Leonela took a couple of steps down, heartened and trying to make it to land quickly. She was halfway down to the third step when the whistling in the air caught her ear, and she braced. SNAP! The skinny pole landed on the back of her legs, cutting a swath of blood across her calf. She cried out in pain, as she felt the hundreds of tiny prickles gash across her skin, opening it in one fell swoop. The wind whistled again, but she continued to clamber down, and this time the whip landed on her buttocks, and again on her back, and as she finally made it down to the last two steps, on her neck and head. The last one stunned her so much that she lost her footing and she landed flat on her back, weeping. She couldn’t move, and she feared the worst.

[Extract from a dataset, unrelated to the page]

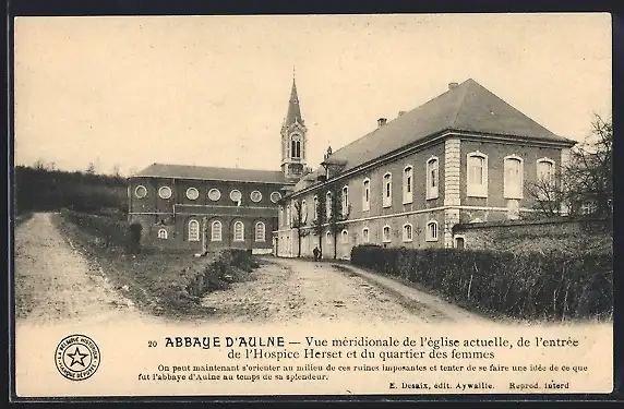 AK Aulne, Abbaye d`Aulne, vue meridionale de l`eglise actuelle, de l`entree de l`Hospice Herset

The little girl leapt to her side, not knowing what to do, but worrying about her mother, and what her father could do. In the distance, a line of men rushed to the them. The clomping of their feet grew louder as their boots hit the ground in unison. Don Felipe dropped his whip and went to grab his wife to lift her from where she lay, but his daughter found strength to hold him off, bracing herself against him. With one hard crack across her face, she too landed in a heap next to his feet. Leonela struggled to get up, one arm raised against her face as she slipped and tried in vain to sit up. The pain in her back felt like it was on fire. She couldn’t move her legs, and as covered as they were in blood, she knew they weren’t broken. Somehow her back had given out. She saw her baby curled up next to her, and she too heard the roar of stamping feet coming her way.
As her husband’s fist closed in her line of vision, she saw hands reach out and grab him. His scream of indignation and anger frightened her even more, and somehow, the shock wore off and she managed to get to her knees. The horse’s whinny alerted her, and she saw the cook’s young son leading the stallion to where she was; it was time to leave. Two men helped her get up on the horse, and her limp daughter’s body was handed to her. She straddled the horse bareback, one hand on the reins and another holding her baby close to her heart.
She saw where the men had restrained Felipe, and the group’s anger was palpable. She feared the worst, not for him, but for them. With one quick nudge, the horse headed down the path it had grown accustomed to, and they headed into town, away from the spectacle taking place behind them. In the air, all they could hear was the fat baby’s laughter as Don Felipe was no more.